== Task directions ==
Using the listing below, output only the lines from the one that contains "The Arithmetica was" through the one that contains "实拍:不作不死!摩托男开挂 在行驶大货车后面躲雨...", inclusive, exactly as given and without images.

== Study material ==

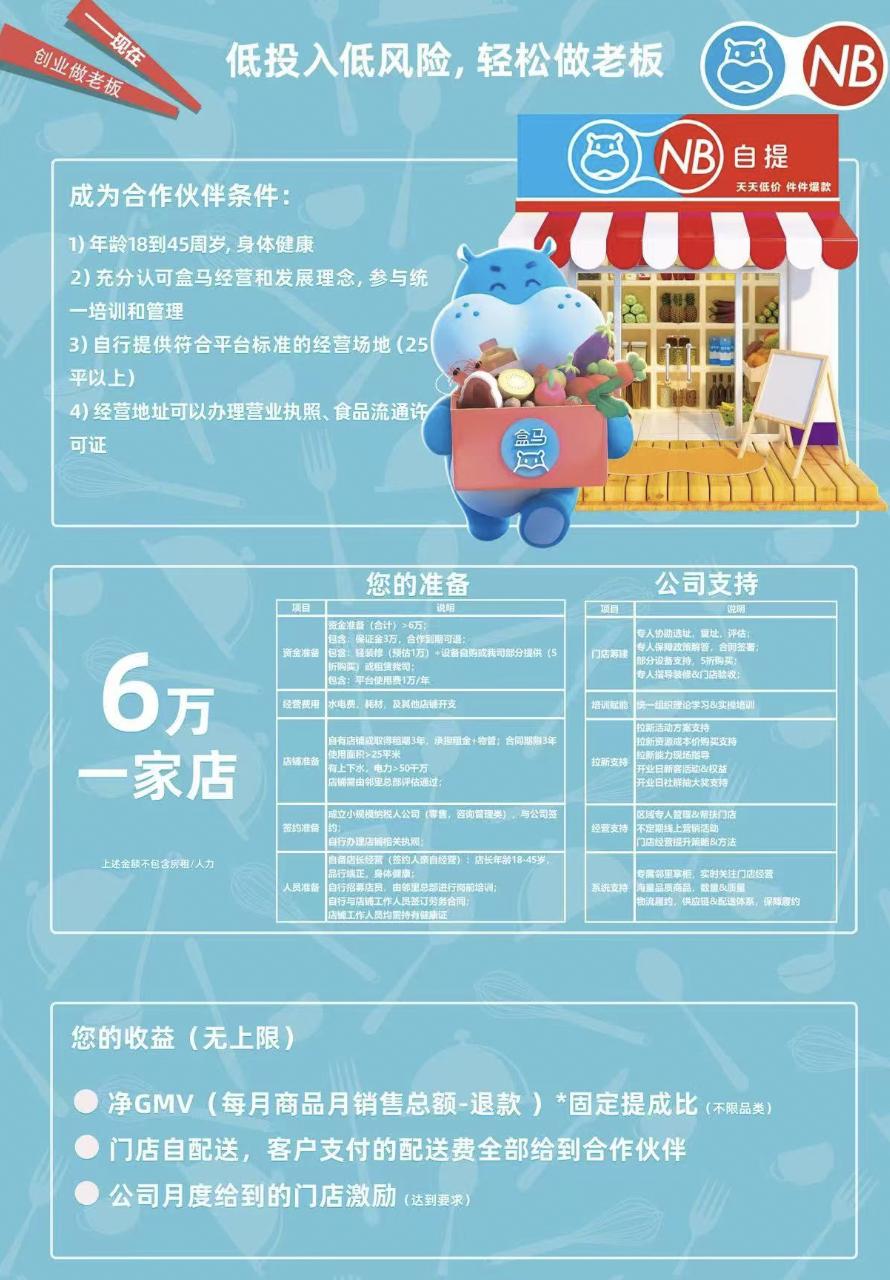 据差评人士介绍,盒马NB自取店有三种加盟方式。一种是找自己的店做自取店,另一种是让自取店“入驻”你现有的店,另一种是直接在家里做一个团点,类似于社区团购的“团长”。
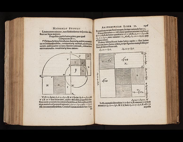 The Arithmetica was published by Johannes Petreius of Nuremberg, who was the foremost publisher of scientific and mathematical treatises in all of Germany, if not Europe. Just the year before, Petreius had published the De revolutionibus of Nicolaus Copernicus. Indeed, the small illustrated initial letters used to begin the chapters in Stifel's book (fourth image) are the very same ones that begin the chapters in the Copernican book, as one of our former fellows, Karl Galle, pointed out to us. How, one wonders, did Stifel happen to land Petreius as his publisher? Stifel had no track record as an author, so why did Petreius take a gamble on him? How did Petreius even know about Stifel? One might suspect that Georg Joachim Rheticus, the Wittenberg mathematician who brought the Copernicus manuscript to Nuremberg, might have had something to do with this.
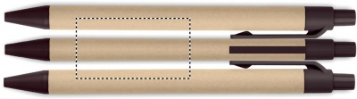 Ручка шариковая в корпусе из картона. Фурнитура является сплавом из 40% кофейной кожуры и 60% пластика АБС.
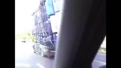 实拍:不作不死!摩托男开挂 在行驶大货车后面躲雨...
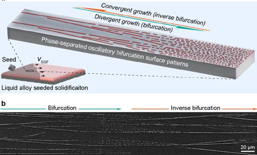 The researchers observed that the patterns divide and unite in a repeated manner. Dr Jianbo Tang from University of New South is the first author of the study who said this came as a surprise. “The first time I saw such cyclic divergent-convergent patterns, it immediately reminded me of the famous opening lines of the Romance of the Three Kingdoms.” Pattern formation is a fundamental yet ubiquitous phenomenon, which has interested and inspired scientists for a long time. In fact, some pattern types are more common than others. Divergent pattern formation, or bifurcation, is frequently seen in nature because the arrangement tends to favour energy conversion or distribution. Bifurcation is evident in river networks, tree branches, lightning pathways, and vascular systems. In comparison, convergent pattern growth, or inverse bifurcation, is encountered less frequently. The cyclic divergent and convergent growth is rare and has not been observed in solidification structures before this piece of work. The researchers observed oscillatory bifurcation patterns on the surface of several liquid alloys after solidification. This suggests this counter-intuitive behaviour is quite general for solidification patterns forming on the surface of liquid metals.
...
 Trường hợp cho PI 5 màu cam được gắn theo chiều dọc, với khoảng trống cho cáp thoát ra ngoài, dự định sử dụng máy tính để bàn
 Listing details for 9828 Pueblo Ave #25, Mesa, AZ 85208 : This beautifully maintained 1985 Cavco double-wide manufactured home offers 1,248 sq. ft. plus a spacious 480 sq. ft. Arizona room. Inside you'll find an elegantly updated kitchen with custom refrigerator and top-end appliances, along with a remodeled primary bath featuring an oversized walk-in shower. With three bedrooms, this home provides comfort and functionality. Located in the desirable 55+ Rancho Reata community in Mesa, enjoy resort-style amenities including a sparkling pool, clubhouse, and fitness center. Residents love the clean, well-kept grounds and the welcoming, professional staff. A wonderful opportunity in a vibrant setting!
...
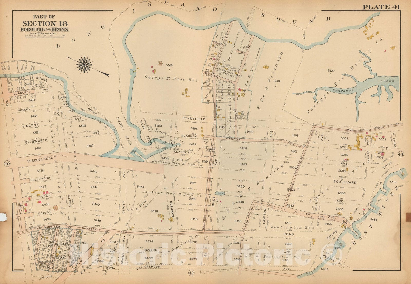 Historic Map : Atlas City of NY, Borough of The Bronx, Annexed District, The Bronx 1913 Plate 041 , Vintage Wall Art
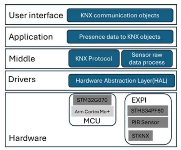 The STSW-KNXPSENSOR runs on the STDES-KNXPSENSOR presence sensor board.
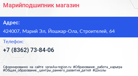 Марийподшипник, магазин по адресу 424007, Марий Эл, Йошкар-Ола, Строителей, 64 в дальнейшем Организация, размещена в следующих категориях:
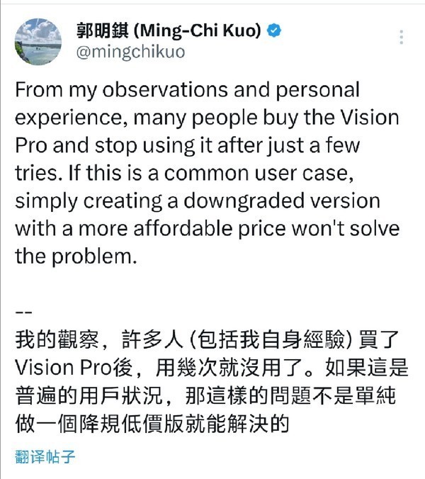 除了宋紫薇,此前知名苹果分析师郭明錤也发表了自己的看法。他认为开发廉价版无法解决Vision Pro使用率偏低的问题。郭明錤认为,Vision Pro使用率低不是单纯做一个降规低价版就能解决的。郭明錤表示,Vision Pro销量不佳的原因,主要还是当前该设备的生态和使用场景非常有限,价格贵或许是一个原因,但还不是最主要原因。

== Reply to the exercise ==
 The Arithmetica was published by Johannes Petreius of Nuremberg, who was the foremost publisher of scientific and mathematical treatises in all of Germany, if not Europe. Just the year before, Petreius had published the De revolutionibus of Nicolaus Copernicus. Indeed, the small illustrated initial letters used to begin the chapters in Stifel's book (fourth image) are the very same ones that begin the chapters in the Copernican book, as one of our former fellows, Karl Galle, pointed out to us. How, one wonders, did Stifel happen to land Petreius as his publisher? Stifel had no track record as an author, so why did Petreius take a gamble on him? How did Petreius even know about Stifel? One might suspect that Georg Joachim Rheticus, the Wittenberg mathematician who brought the Copernicus manuscript to Nuremberg, might have had something to do with this.
 Ручка шариковая в корпусе из картона. Фурнитура является сплавом из 40% кофейной кожуры и 60% пластика АБС.
 实拍:不作不死!摩托男开挂 在行驶大货车后面躲雨...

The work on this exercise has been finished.